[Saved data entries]
== == ==

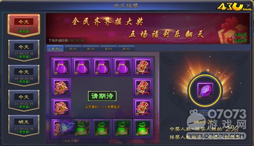 全民福利,人人免費(fèi)搖獎(jiǎng)。參與43u《鴻蒙天尊》歡樂搖獎(jiǎng)就可立即獲得一份隨機(jī)搖獎(jiǎng)大禮,搖獎(jiǎng)結(jié)束后系統(tǒng)獎(jiǎng)進(jìn)行開獎(jiǎng),參與搖獎(jiǎng)的仙友均可有機(jī)會(huì)獲得對(duì)應(yīng)的歡樂大獎(jiǎng),另外花費(fèi)10元寶購買福袋送抽獎(jiǎng)一次,花費(fèi)50元寶購買福盒送抽獎(jiǎng)一次哦!每天會(huì)有5次開啟時(shí)間,小伙伴可不要錯(cuò)過哦!另外完成日環(huán)任務(wù)也可以抽獎(jiǎng)哦!
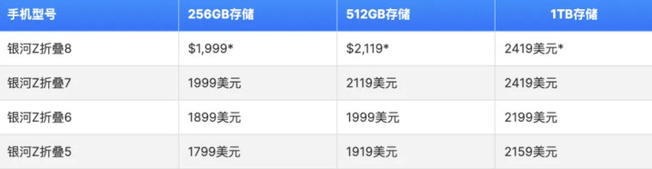 可折叠iPhone将直接成为2026年折叠手机的竞争对手。其中一个例子是Galaxy Z Fold 8。不过这款手机尚未正式发布,因此我们无法确定其定价。幸运的是,三星已经发布了相当多的折叠手机,包括7代的Galaxy Z Fold。以下是三星最近对Galaxy Z Fold机型定价的进展情况:
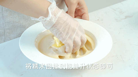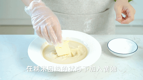 12、待糯米团稍许凉之后,带上手套将20克黄油均匀地揉进面团中,揉到能拉升状态,麻薯就做好了
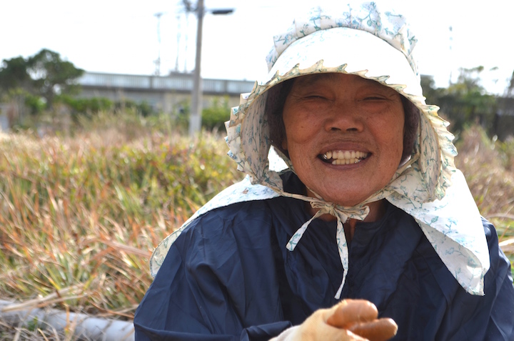 埼玉から来た彼女は大のおばあちゃんっ子だという。高校まで暮らしていた福島でも、小さい頃から家族でおばあちゃんの家に遊びに行っていたそうだ。そんな彼女と、底抜けに明るい沖縄の“おばあ”との間で、久しぶりに再会した実のおばあちゃんと孫のようにほのぼのとした会話が始まった。
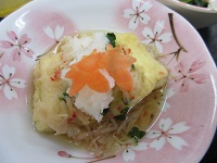 本日の昼食は きのこご飯・清まし汁・揚げ出し豆腐・小松菜ごま和え・フルーツ でした。
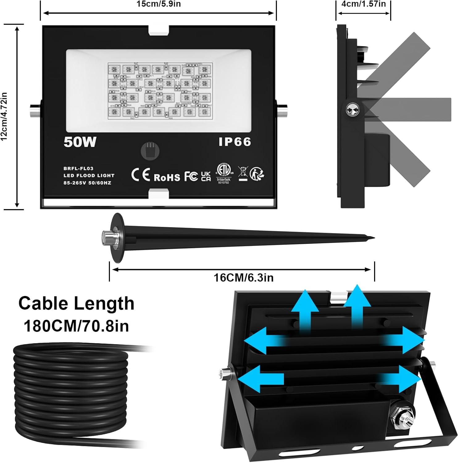 | Included Components | 4 x 50W RGB Led Flood Lights, 4 x Remote Control, 4 x Ground Stakes, 1 x User Manual |
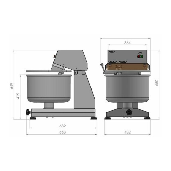 Le mélangeur à viande 30L VILLA M30 est conçu pour les ateliers de boucherie et de charcuterie recherchant un appareil robuste, silencieux et simple d’utilisation pour le mélange quotidien des viandes, farces et préparations. Son bras oblique à deux branches, relevable et démontable, garantit une homogénéité parfaite du mélange tout en réduisant le temps de travail. La cuve rotative amovible de 30 litres, équipée d’un frein, facilite le chargement, le mélange et le nettoyage. Entièrement réalisé en inox et conforme aux normes CE, ce mélangeur à viande professionnel offre une solution durable et fiable pour un usage intensif.
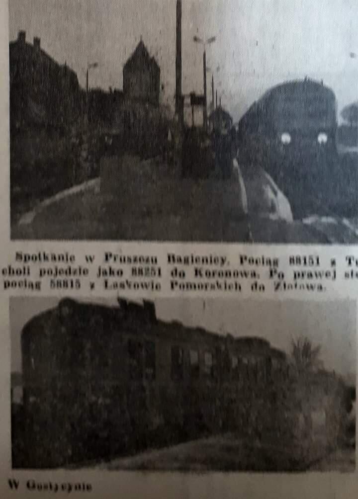 "W piątek 24 listopada 1989 roku z Pruszcza Bagienicy do Tucholi wyruszyły po raz ostatni cztery pociągi pasażerskie. Obecnie odcinek ten przemierza dziennie już tylko jedna para. Owego listopadowego dnia na trasę wyruszył spalinowy wagon motorowy SN61-84. Często brakowało w nim miejsc do siedzenia.

== == ==

WHAT THIS TASK INVOLVES
Look above for the line containing "本日の昼食は きのこご飯・清まし汁・揚げ出し豆腐・小松菜ごま和え・フルーツ でした。", then write out every line from there down to the line containing "User Manual |", that line included, with no pictures.

PROBLEM SOLUTION
 本日の昼食は きのこご飯・清まし汁・揚げ出し豆腐・小松菜ごま和え・フルーツ でした。
 | Included Components | 4 x 50W RGB Led Flood Lights, 4 x Remote Control, 4 x Ground Stakes, 1 x User Manual |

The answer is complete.